* **Instructions to follow**
Each line of the data below should be restated exactly, with images left out.

* **Stored data**
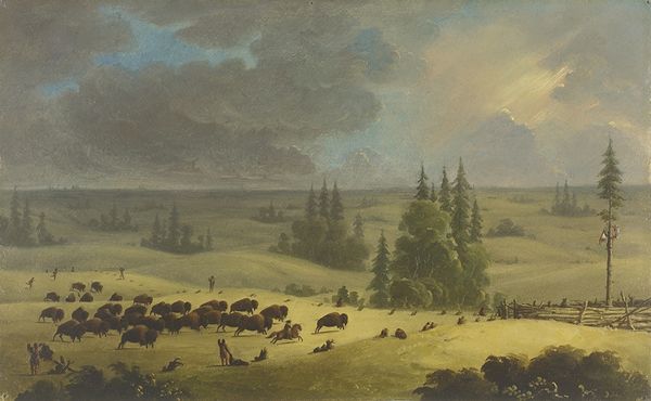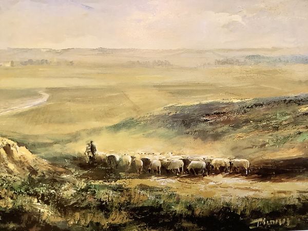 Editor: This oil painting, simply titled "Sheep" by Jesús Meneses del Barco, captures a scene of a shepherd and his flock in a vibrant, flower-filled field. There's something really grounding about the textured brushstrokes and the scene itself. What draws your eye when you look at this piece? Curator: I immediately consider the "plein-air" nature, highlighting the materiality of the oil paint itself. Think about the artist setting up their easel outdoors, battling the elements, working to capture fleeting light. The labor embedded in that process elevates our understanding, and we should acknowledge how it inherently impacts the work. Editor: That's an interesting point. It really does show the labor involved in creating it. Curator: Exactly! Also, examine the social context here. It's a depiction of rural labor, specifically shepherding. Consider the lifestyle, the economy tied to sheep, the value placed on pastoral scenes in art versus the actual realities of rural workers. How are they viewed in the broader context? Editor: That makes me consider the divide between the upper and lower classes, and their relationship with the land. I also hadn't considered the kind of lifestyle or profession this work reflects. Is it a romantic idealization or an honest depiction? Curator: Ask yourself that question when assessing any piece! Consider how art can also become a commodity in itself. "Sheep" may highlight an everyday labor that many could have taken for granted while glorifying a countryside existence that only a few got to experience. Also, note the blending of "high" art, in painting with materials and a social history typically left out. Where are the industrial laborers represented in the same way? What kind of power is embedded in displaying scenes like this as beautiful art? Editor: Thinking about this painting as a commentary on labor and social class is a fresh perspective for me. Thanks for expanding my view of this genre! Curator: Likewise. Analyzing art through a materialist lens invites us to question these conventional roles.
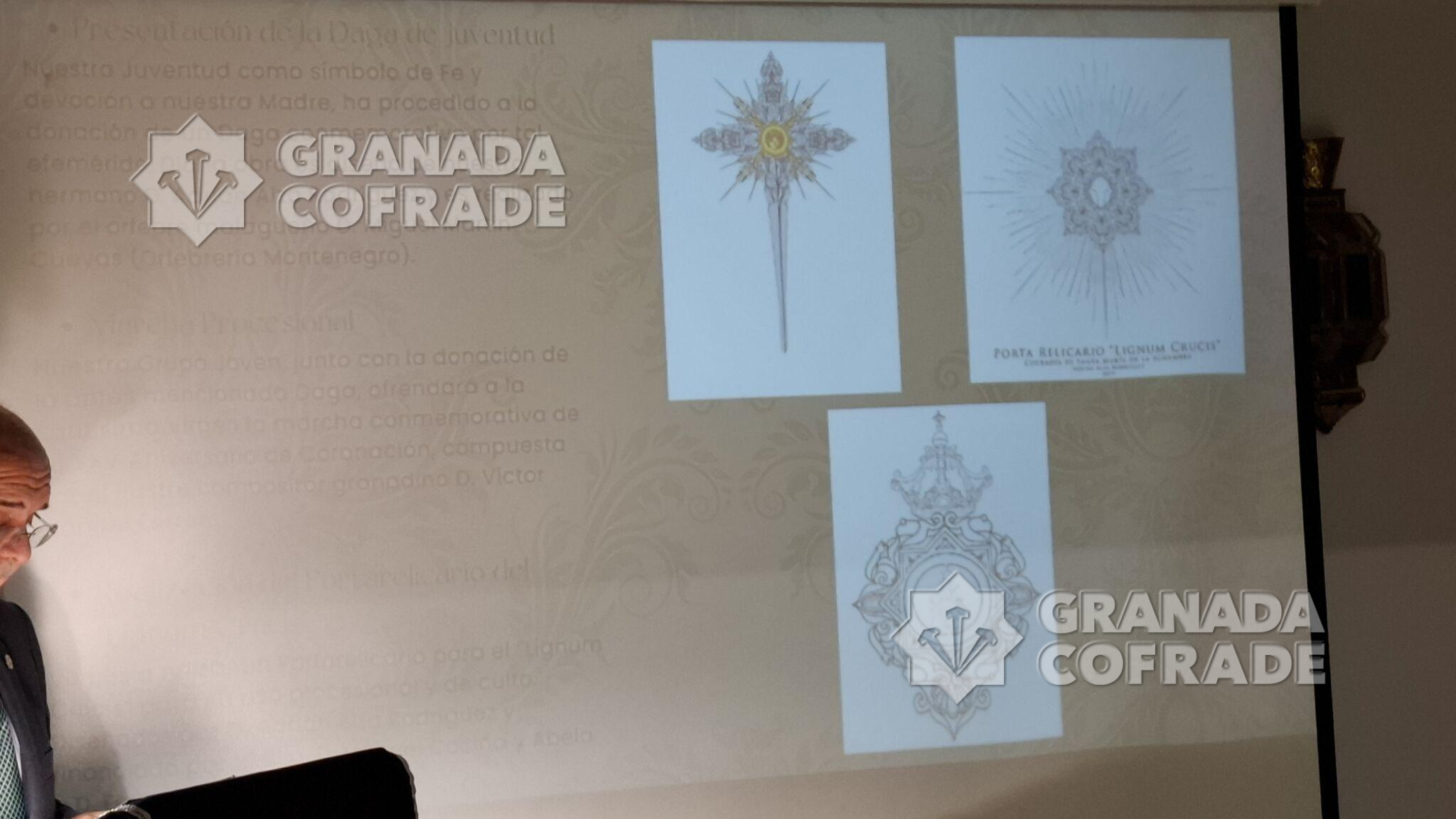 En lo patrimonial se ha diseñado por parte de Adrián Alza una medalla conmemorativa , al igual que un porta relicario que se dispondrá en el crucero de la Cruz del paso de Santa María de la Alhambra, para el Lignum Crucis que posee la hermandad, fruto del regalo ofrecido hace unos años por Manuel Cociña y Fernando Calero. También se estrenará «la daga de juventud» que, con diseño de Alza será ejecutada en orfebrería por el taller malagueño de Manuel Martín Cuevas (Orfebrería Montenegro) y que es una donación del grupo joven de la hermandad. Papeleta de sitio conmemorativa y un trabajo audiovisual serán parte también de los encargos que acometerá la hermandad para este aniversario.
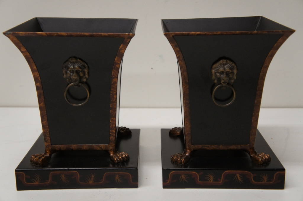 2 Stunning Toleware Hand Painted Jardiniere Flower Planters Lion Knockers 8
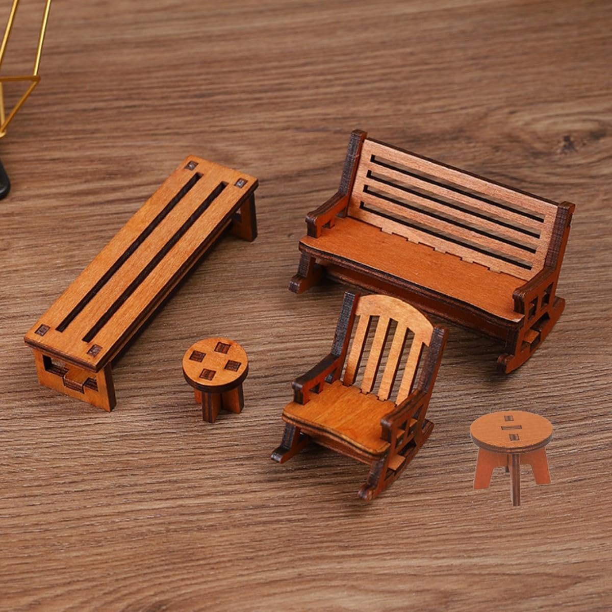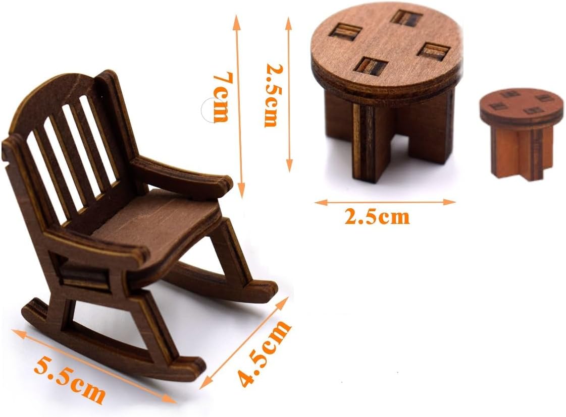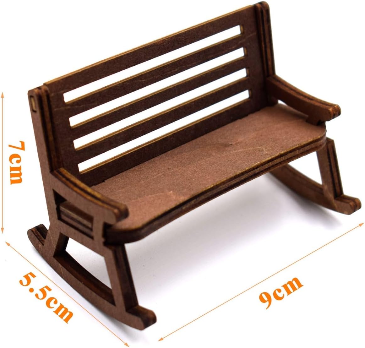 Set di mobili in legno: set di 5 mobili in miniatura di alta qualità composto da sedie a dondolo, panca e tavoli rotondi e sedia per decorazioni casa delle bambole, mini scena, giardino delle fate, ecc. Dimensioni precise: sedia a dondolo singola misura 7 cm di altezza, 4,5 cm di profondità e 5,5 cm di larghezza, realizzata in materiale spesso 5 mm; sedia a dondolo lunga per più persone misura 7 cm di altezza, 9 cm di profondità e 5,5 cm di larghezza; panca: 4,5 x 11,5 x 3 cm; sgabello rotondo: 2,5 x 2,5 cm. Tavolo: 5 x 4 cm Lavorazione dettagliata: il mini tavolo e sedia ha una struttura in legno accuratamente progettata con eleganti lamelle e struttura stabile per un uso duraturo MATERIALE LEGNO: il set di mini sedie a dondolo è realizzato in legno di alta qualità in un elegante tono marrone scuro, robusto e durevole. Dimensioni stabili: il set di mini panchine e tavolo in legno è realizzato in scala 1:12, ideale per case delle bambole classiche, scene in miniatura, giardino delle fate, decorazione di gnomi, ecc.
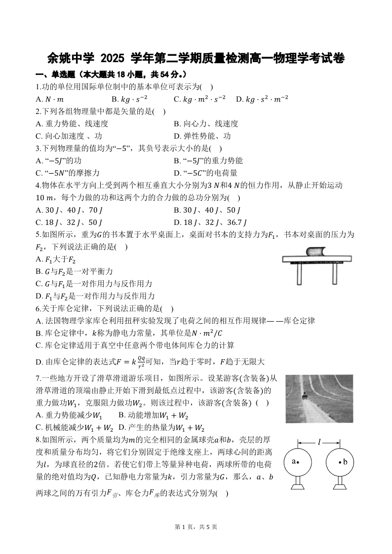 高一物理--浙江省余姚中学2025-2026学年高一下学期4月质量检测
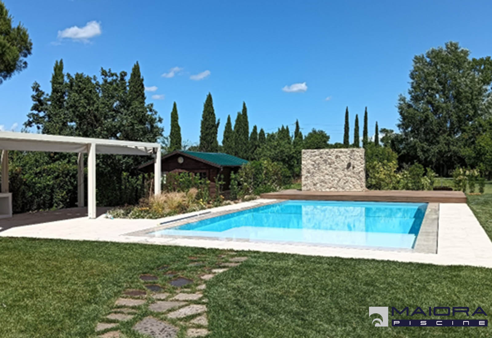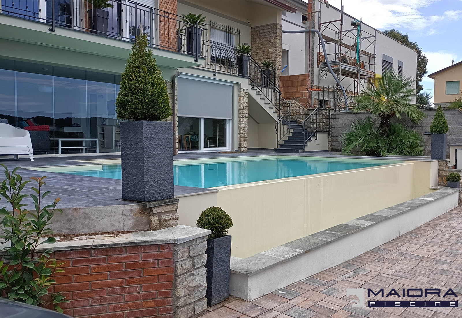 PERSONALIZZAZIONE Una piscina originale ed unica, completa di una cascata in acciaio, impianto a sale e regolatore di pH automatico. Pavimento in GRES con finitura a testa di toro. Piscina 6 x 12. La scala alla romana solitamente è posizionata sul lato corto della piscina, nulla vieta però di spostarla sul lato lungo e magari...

* **Exercise output**
 Editor: This oil painting, simply titled "Sheep" by Jesús Meneses del Barco, captures a scene of a shepherd and his flock in a vibrant, flower-filled field. There's something really grounding about the textured brushstrokes and the scene itself. What draws your eye when you look at this piece? Curator: I immediately consider the "plein-air" nature, highlighting the materiality of the oil paint itself. Think about the artist setting up their easel outdoors, battling the elements, working to capture fleeting light. The labor embedded in that process elevates our understanding, and we should acknowledge how it inherently impacts the work. Editor: That's an interesting point. It really does show the labor involved in creating it. Curator: Exactly! Also, examine the social context here. It's a depiction of rural labor, specifically shepherding. Consider the lifestyle, the economy tied to sheep, the value placed on pastoral scenes in art versus the actual realities of rural workers. How are they viewed in the broader context? Editor: That makes me consider the divide between the upper and lower classes, and their relationship with the land. I also hadn't considered the kind of lifestyle or profession this work reflects. Is it a romantic idealization or an honest depiction? Curator: Ask yourself that question when assessing any piece! Consider how art can also become a commodity in itself. "Sheep" may highlight an everyday labor that many could have taken for granted while glorifying a countryside existence that only a few got to experience. Also, note the blending of "high" art, in painting with materials and a social history typically left out. Where are the industrial laborers represented in the same way? What kind of power is embedded in displaying scenes like this as beautiful art? Editor: Thinking about this painting as a commentary on labor and social class is a fresh perspective for me. Thanks for expanding my view of this genre! Curator: Likewise. Analyzing art through a materialist lens invites us to question these conventional roles.
 En lo patrimonial se ha diseñado por parte de Adrián Alza una medalla conmemorativa , al igual que un porta relicario que se dispondrá en el crucero de la Cruz del paso de Santa María de la Alhambra, para el Lignum Crucis que posee la hermandad, fruto del regalo ofrecido hace unos años por Manuel Cociña y Fernando Calero. También se estrenará «la daga de juventud» que, con diseño de Alza será ejecutada en orfebrería por el taller malagueño de Manuel Martín Cuevas (Orfebrería Montenegro) y que es una donación del grupo joven de la hermandad. Papeleta de sitio conmemorativa y un trabajo audiovisual serán parte también de los encargos que acometerá la hermandad para este aniversario.
 2 Stunning Toleware Hand Painted Jardiniere Flower Planters Lion Knockers 8
 Set di mobili in legno: set di 5 mobili in miniatura di alta qualità composto da sedie a dondolo, panca e tavoli rotondi e sedia per decorazioni casa delle bambole, mini scena, giardino delle fate, ecc. Dimensioni precise: sedia a dondolo singola misura 7 cm di altezza, 4,5 cm di profondità e 5,5 cm di larghezza, realizzata in materiale spesso 5 mm; sedia a dondolo lunga per più persone misura 7 cm di altezza, 9 cm di profondità e 5,5 cm di larghezza; panca: 4,5 x 11,5 x 3 cm; sgabello rotondo: 2,5 x 2,5 cm. Tavolo: 5 x 4 cm Lavorazione dettagliata: il mini tavolo e sedia ha una struttura in legno accuratamente progettata con eleganti lamelle e struttura stabile per un uso duraturo MATERIALE LEGNO: il set di mini sedie a dondolo è realizzato in legno di alta qualità in un elegante tono marrone scuro, robusto e durevole. Dimensioni stabili: il set di mini panchine e tavolo in legno è realizzato in scala 1:12, ideale per case delle bambole classiche, scene in miniatura, giardino delle fate, decorazione di gnomi, ecc.
 高一物理--浙江省余姚中学2025-2026学年高一下学期4月质量检测
 PERSONALIZZAZIONE Una piscina originale ed unica, completa di una cascata in acciaio, impianto a sale e regolatore di pH automatico. Pavimento in GRES con finitura a testa di toro. Piscina 6 x 12. La scala alla romana solitamente è posizionata sul lato corto della piscina, nulla vieta però di spostarla sul lato lungo e magari...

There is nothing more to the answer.